Russian Journalist Pursues GRU

News  |  Feb 22, 2019

Russia's military intelligence agency, also known as GRU, is behind numerous crimes worldwide, including the 2016 hack and leak operation that targeted the Democratic National Committee, the hack of French President Emmanuel Macron's email prior to his election, the attempted hack of the Organization for the Prohibition of Chemical Weapons in the Hague, the poisoning of former spy Sergei Skripal on British soil, and the downing of Malaysian Airlines flight MH17 over Ukraine. 

WIRED has published a fascinating profile of Roman Dobrokhotov, the Russian activist turned investigative journalist dedicated to exposing the officers responsible for these GRU operations. 

An excerpt

Dobrokhotov says he never exactly made a decision to target the GRU, which for decades has remained even more opaque than fellow Russian intelligence agencies like the FSB or SVR. "We just start to investigate one story, and it turns out to be a GRU officer.

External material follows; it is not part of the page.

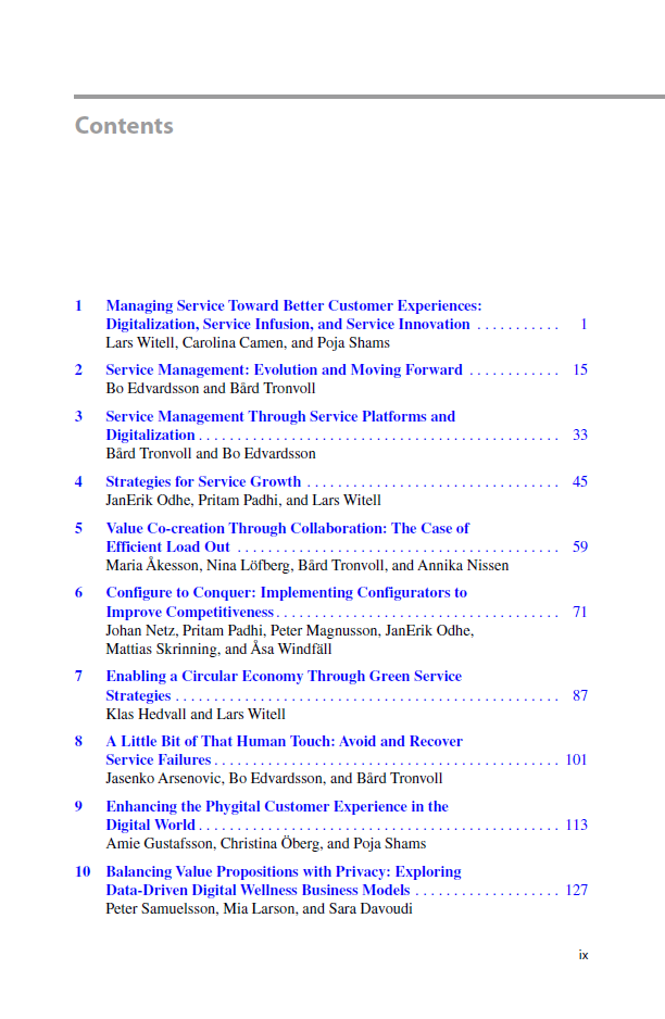 این فصل توسط لارس ویتل و همکارانش نوشته شده و به معرفی یک مدل مدیریت خدمات میپردازد که چگونگی مقابله با چالشهای دیجیتالیزاسیون و نوآوری خدمات را برای سازمانها توضیح میدهد. همچنین اهمیت ایجاد ارزش برای مشتریان و پیشنهادات شفاف را مورد تأکید قرار میدهد.

Then we investigate a totally different story, and it seems to be a GRU officer again," Dobrokhotov says in English that he has honed with hours of watching Stephen Colbert. "They're just so active, and they make so many mistakes, that they pop up in every investigation."

But while most of the international credit for that string of GRU revelations has gone to Bellingcat, Dobrokhotov and his staff have taken on higher stakes. Unlike Bellingcat's researchers, they're Russian and live in close proximity to the very spies and assassins they're exposing. That has allowed them to run down some details of their investigations that Bellingcat never could have otherwise. It also puts them at far greater risk of arrest—or worse—than their international collaborators.

(...)

But when I met up with Dobrokhotov last November in a central Moscow bar—the closest thing the Insider's dozen-person staff has to an office—he told me he has no misgivings about taking on this particular adversary. "The choice is very simple. if you want to be a journalist in Russia, you either choose the real topics, the most important topics, or you’re not a real journalist," he said. "If you write about traffic jams, that’s fine in Switzerland or Sweden. But in Russia you have to work on these topics, because they can change society."